The eight men were among 28 tried together on terrorism charges. Only one of the 28 was a member of the military. The court sentenced 12 to life in prison, six to 15 years, and acquitted two.

Military prosecutors alleged that the men had supported or belonged to a group tied to the Muslim Brotherhood that obtained explosives and weapons and plotted to carry out surveillance and attacks on government and security officials.

Human Rights Watch reviewed the military prosecution’s 20-page indictment, a 149-page defense memo, and the 37-page military court verdict. Human Rights Watch also interviewed two defense lawyers, one defendant who was sentenced to death but lives outside Egypt, and relatives of five other defendants.

The relatives said that the authorities arrested the five men between May 28 and June 2, 2015, and did not provide information about their whereabouts for weeks. The families inquired in local police stations and sent telegrams to various government offices but received no response. Some learned of their relatives’ whereabouts weeks later, when they received calls from people who saw the men in detention. The authorities did not officially acknowledge that the men were being accused of crimes until July 10, 2015, when some of the men appeared in a video released by the Defense Ministry that accused them of belonging to “the biggest terrorist cell threatening national security.”

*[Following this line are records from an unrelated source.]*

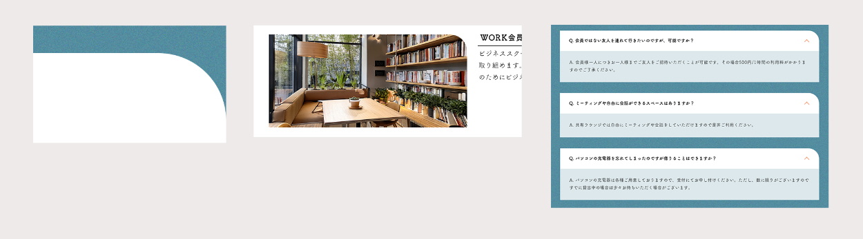 ・セクションや画像、FAQなどの右上を角丸にすることで直線的になりすぎず女性らしいしなやかさを表現しました。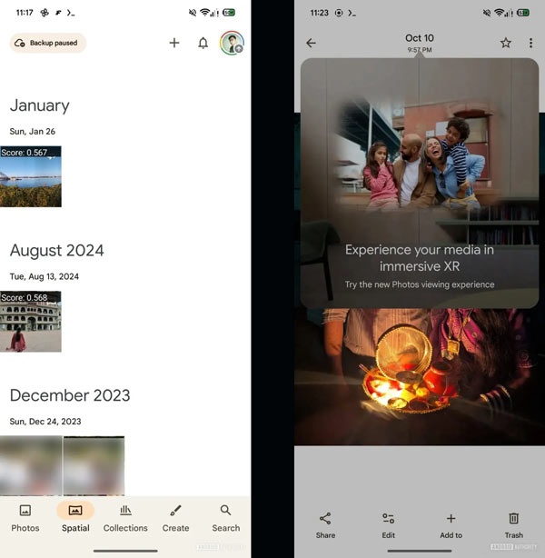 نسخهی جدید Google Photos بهکاربران اجازه خواهد داد تا از طریق گزینهای بهنام Go Immersive تصاویر گالری موبایل را مستقیماً روی هدست XR پخش کنند. هنوز مشخص نیست که آیا این گزینه میتواند عکسهای دوبعدی را به سهبعدی تبدیل کند یا خیر.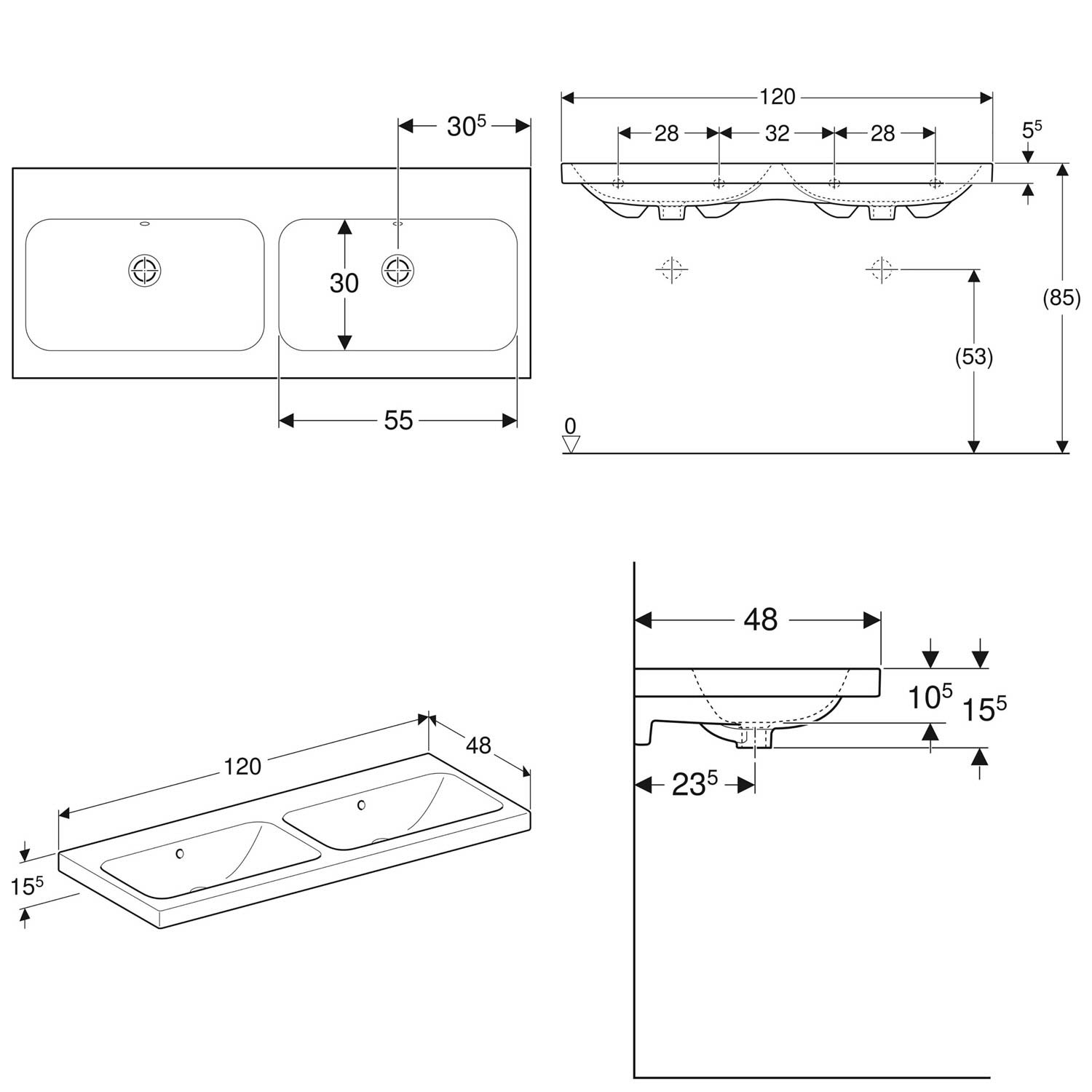 Geberit iCon Light Doppelwaschtisch 120 cm, ohne Hahnloch, mit 2 Überläufen

Five of the men told their relatives that interrogators had tortured them, including with beatings, electric shocks, and hanging in painful stress positions. Three said they were then forced to read confessions written for them. Two told their relatives that the Defense Ministry’s Military Intelligence and Reconnaissance Department had held them in Cairo’s Nasr City neighborhood, in a facility that Human Rights Watch independently confirmed belonged to military intelligence. None of the men were allowed access to lawyers during their detention, interrogation, or initial questioning by military prosecutors.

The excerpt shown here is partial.